REQUIRED ACTION ▸
Beginning with the line that contains "附錄:1、本標準規定的環境空氣中非甲烷總烴限值為1h平均濃度限值。" and ending with the line that contains "其实并非如此,加密机给服务器", reproduce the lines of the entries below exactly, omitting pictures.

** DATASET follows **

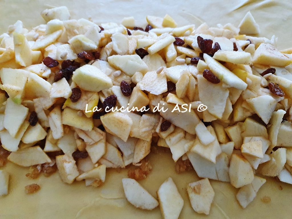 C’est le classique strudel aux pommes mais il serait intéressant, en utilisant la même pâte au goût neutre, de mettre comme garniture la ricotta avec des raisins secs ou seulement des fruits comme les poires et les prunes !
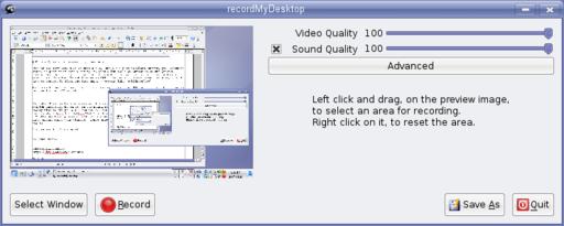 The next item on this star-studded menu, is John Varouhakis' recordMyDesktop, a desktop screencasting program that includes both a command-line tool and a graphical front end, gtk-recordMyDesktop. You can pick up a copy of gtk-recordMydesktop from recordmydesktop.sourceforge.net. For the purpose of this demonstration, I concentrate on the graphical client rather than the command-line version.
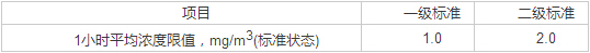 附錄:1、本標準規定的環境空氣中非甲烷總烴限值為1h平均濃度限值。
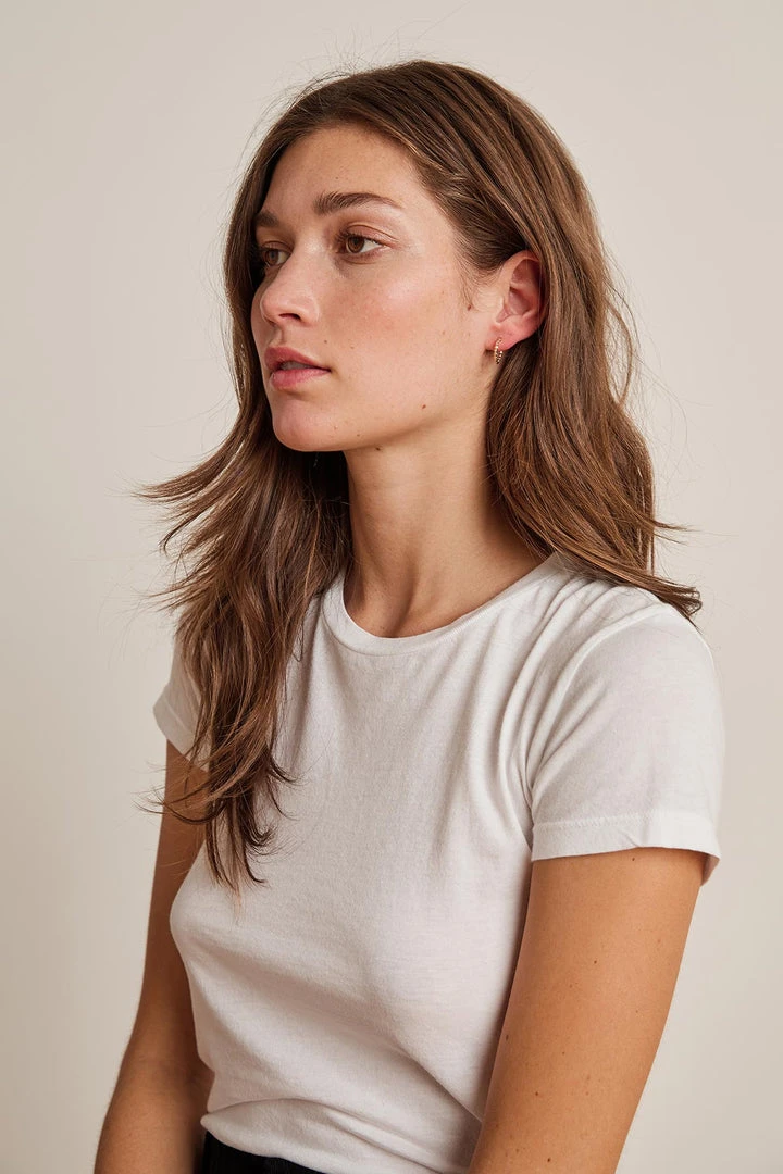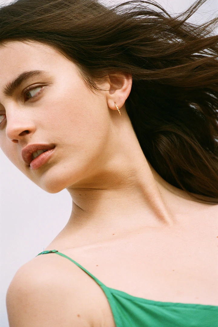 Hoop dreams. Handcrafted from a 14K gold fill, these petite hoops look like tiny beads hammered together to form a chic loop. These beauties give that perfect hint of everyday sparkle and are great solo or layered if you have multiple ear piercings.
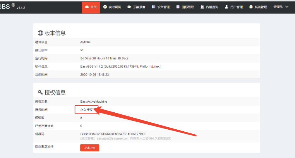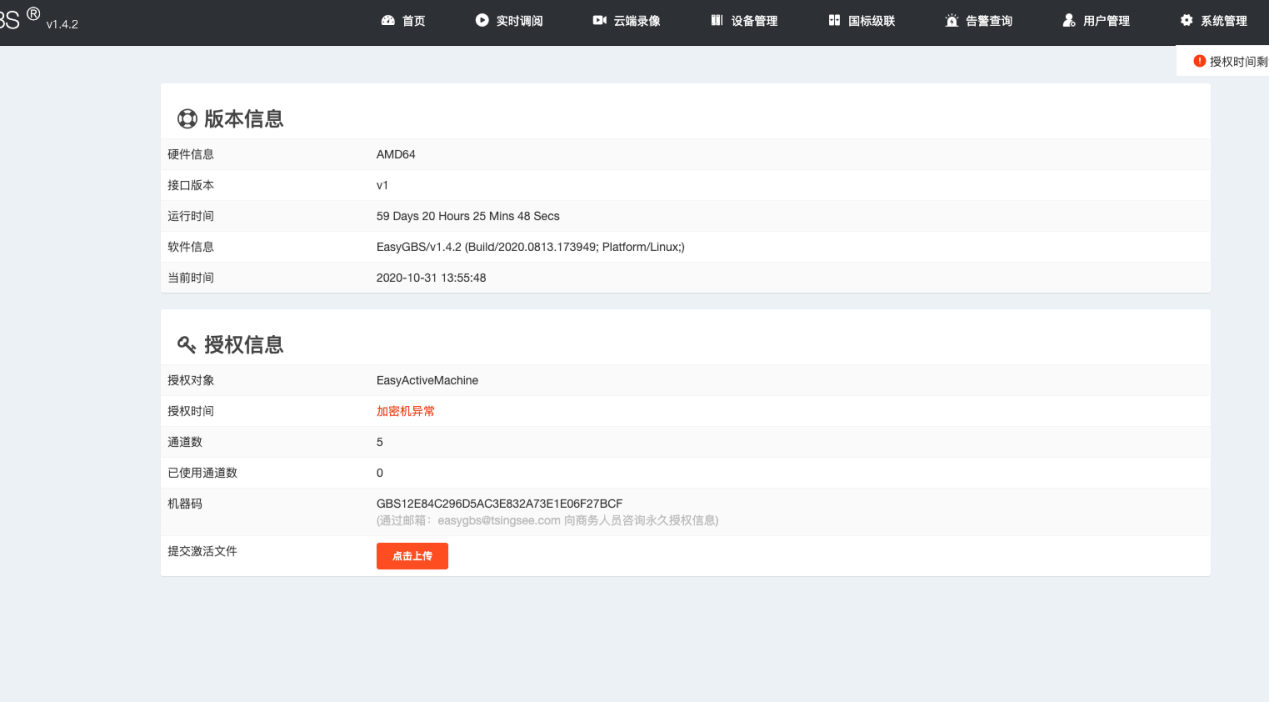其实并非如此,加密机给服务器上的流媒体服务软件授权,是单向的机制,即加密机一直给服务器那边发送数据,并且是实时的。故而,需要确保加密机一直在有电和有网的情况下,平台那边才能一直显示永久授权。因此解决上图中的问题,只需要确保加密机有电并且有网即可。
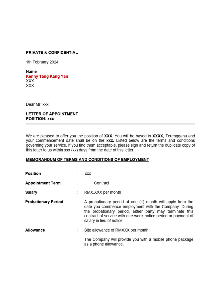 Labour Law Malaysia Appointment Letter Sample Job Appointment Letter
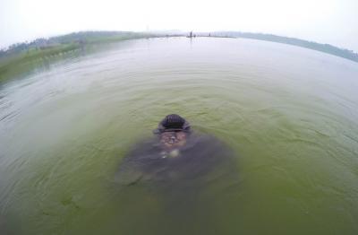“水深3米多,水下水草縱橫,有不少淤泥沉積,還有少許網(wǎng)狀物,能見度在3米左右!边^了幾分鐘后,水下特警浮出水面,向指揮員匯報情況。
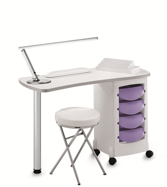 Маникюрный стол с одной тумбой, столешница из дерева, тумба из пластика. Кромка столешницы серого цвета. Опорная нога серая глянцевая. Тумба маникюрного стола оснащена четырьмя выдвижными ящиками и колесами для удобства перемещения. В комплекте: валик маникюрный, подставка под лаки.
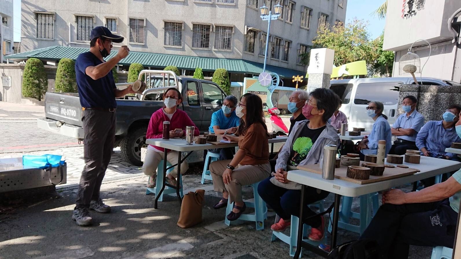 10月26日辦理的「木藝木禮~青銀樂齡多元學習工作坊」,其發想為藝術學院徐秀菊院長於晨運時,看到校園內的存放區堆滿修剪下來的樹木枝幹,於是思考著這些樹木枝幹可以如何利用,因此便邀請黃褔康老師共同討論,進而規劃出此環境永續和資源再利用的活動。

** End of DATASET **
** DATASET follows **

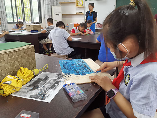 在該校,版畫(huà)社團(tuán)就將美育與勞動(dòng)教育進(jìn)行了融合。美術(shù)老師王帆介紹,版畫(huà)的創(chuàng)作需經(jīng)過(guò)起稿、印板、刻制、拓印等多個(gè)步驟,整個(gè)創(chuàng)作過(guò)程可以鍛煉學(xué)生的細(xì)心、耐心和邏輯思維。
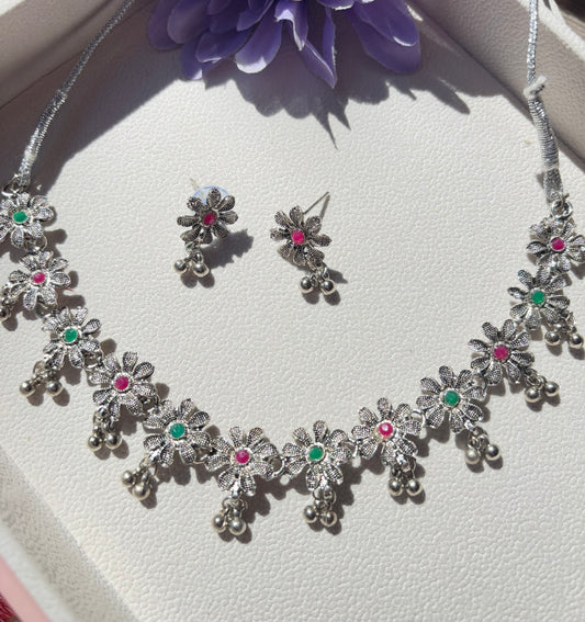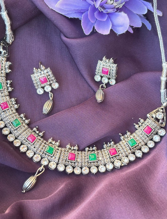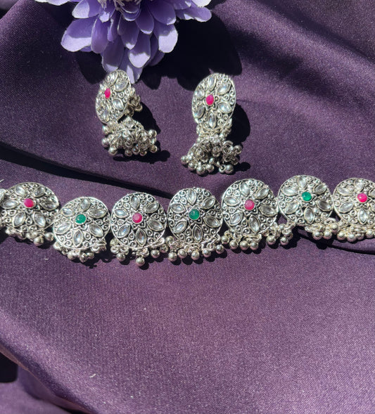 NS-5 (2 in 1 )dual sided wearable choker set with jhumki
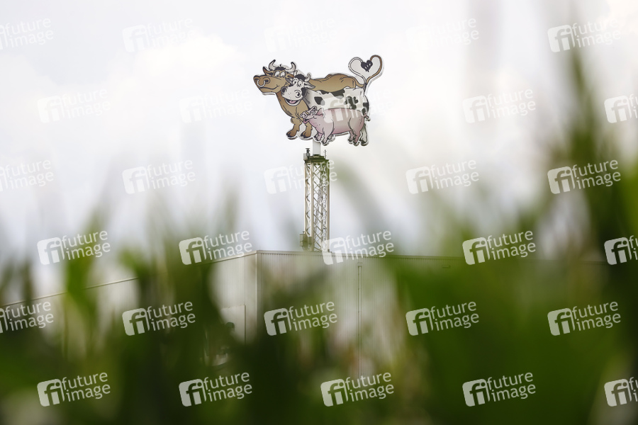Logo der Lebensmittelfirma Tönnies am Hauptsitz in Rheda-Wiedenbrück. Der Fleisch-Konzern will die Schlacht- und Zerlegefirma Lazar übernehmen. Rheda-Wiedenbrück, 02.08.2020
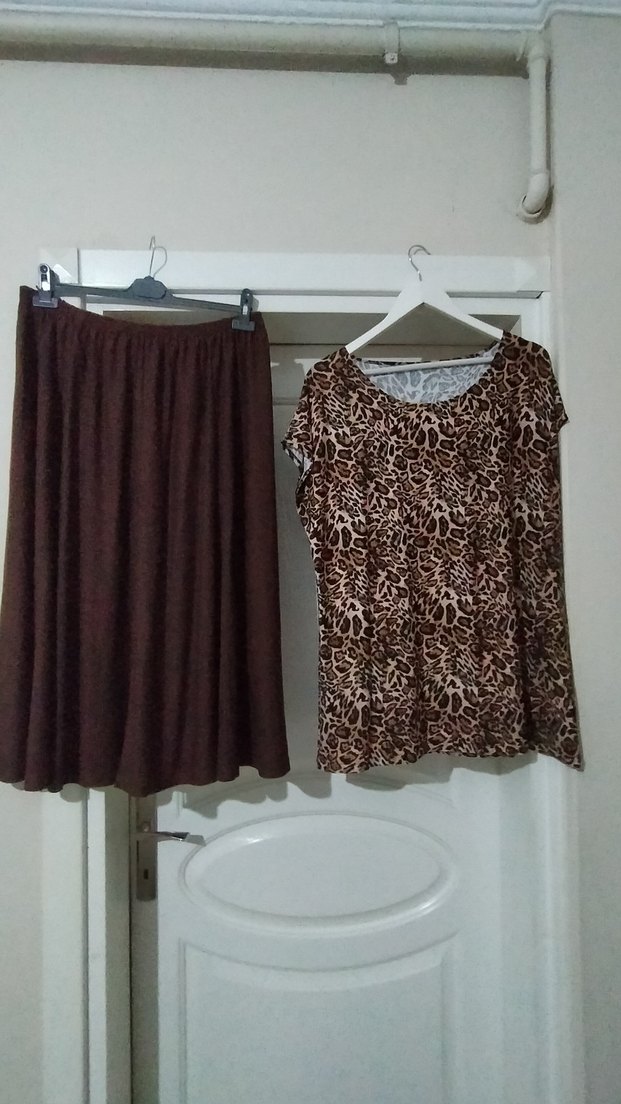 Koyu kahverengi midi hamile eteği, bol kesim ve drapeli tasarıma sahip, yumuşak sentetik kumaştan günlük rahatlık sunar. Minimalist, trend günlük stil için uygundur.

** End of DATASET **
** DATASET follows **

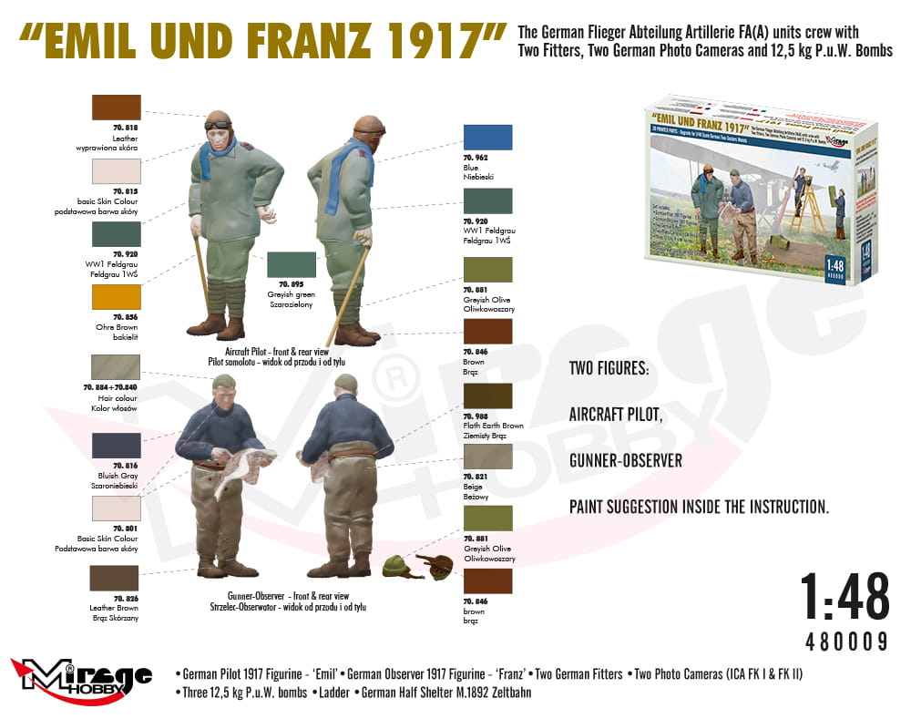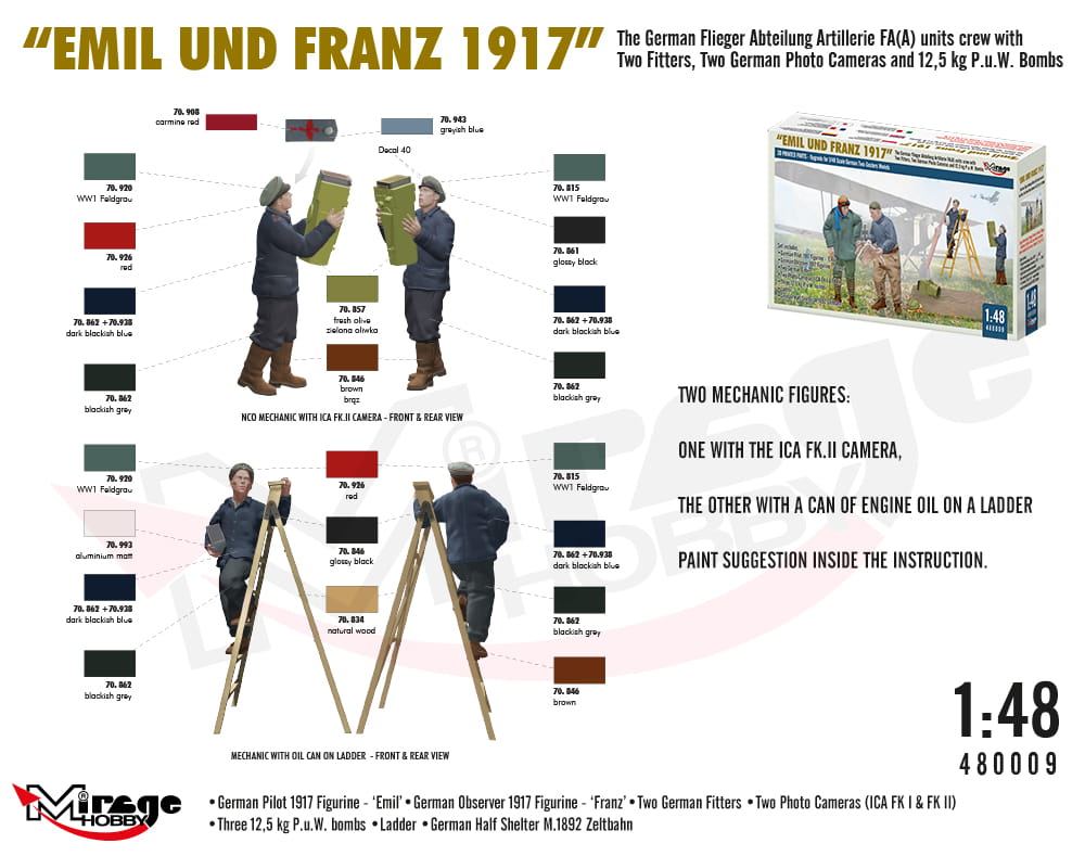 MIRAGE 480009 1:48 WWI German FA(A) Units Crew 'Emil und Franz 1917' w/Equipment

** End of DATASET **

EXPECTED ANSWER ▸
 附錄:1、本標準規定的環境空氣中非甲烷總烴限值為1h平均濃度限值。
 Hoop dreams. Handcrafted from a 14K gold fill, these petite hoops look like tiny beads hammered together to form a chic loop. These beauties give that perfect hint of everyday sparkle and are great solo or layered if you have multiple ear piercings.
其实并非如此,加密机给服务器上的流媒体服务软件授权,是单向的机制,即加密机一直给服务器那边发送数据,并且是实时的。故而,需要确保加密机一直在有电和有网的情况下,平台那边才能一直显示永久授权。因此解决上图中的问题,只需要确保加密机有电并且有网即可。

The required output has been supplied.